Poetry Matters explores poetry written by women from the United States and Canada, which documents the social and political turmoil of the early twenty-first century and places this poetry in dialogue with recent currents of feminist theory including new materialism, affect theory, posthumanism, and feminist engagements with neoliberalism and capitalism. Central to this project is the conviction that a poetics that explores the political dimensions of affect; demonstrates an understanding of subjectivity as posthuman and transcorporeal; critically reflects on the impact of capitalism on queer, racialized, and female bodies; and develops an ethical vocabulary for reimagining the nation state and critically engaging with issues of democracy and citizenship is now more urgent than ever before. 

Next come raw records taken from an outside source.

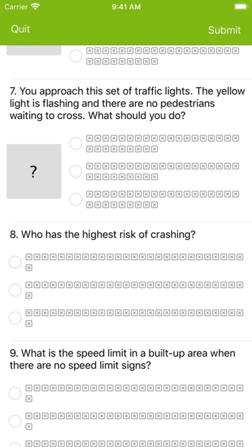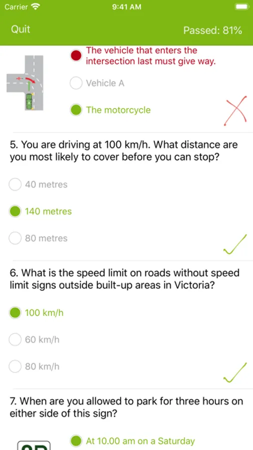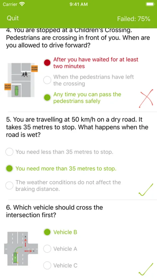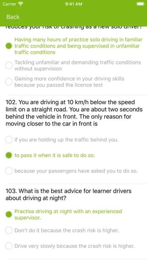 wrong answers link you to the chapter where the information is covered in the Road to Solo Driving handbook.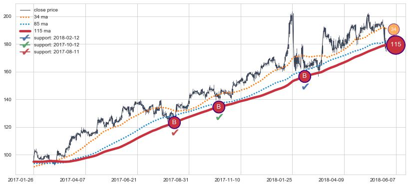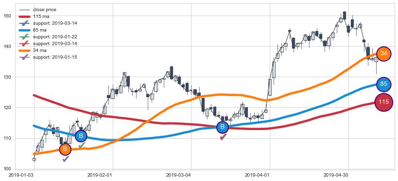 上涨趋势2019-01-03-2019-05-09,均线34, 115, 85确认关键支撑3处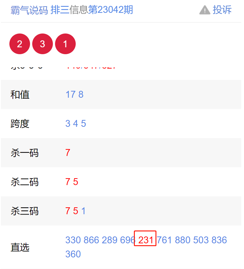 排列三上期开奖号码:231【更多体育彩票开奖链接:https://www.weicainet.cn/】
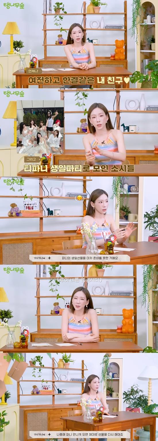 그러면서 티파니에게 파우치를 선물로 준 것에 대해 "소녀시대 17주년 기념 겸 티파니 생일 겸 자리였는데 17주년 기념 자리인 줄 알고 파니의 생일선물을 미처 준비를 못한 거다. 순간 순발력으로 LV(루이비통) 걸로서 (파우치를 줬다)"고 고백했다.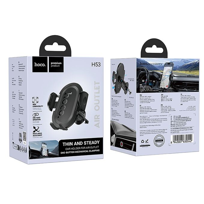 Держатель автомобильный Hoco гравитационный H53 Brusco в дефлектор (black) (240359)

Milne focuses on poetry published after 2001 by writers who mostly began writing after the feminist writing movements of the 1980s, but who have inherited and built upon their political and aesthetic legacies. The poets discussed in this book—including Jennifer Scappettone, Margaret Christakos, Larissa Lai, Rita Wong, Nikki Reimer, Rachel Zolf, Yedda Morrison, Marcella Durand, Evelyn Reilly, Juliana Spahr, Claudia Rankine, Dionne Brand, Jena Osman, and Jen Benka—bring a sense of political agency to poetry. These voices seek new vocabularies and dissenting critical and aesthetic frameworks for thinking across issues of gender, materiality, capitalism, the toxic convergences of nationalism and racism, and the decline of democratic institutions. This is poetry that matters—both in its political urgency and in its attentiveness to the world as “matter”—as a material entity under siege. It could not be more timely or more relevant. 


Product Details

ISBN-13: 9781609385781
Publisher: University of Iowa Press
Publication date: 05/15/2018
Series: Contemp North American Poetry
Sold by: Barnes & Noble
Format: eBook
Pages: 278
File size: 2 MB

About the Author

Heather Milne is an associate professor of English at the University of Winnipeg, where she teaches feminist studies, queer theory, and contemporary poetry. She is the coeditor of Prismatic Publics: Innovative Canadian Women’s Poetry and Poetics
 

Read an Excerpt

CHAPTER 1

Strategic Embodiment: Materiality, Proceduralism, and Biopolitics in Jennifer Scappettone's From Dame Quickly, Margaret Christakos's What Stirs, and Larissa Lai and Rita Wong's sybil unrest

Neither Fish nor Flesh: Jennifer Scappettone's Materialist Poetics

From Dame Quickly (Scappettone 2009b) is striking as a material object. Its pages are eight and a half inches tall by eleven inches wide, making it much larger than most books of poetry; the wide pages accommodate Scappettone's often extremely long lines, and in some cases, allow for more than one column of poetry to be printed on a single page. One section of the book is comprised of vibrant collages of texts and images printed in full color on glossy paper. The care and attention paid to the form and design of this book reflect an appreciation of the book as an object or material "thing" and can be read as a manifestation of Scappettone's overarching interest in the reclamation of matter and materiality and the ways that matter can function not only as a container for content, but also as an active site of meaning-making.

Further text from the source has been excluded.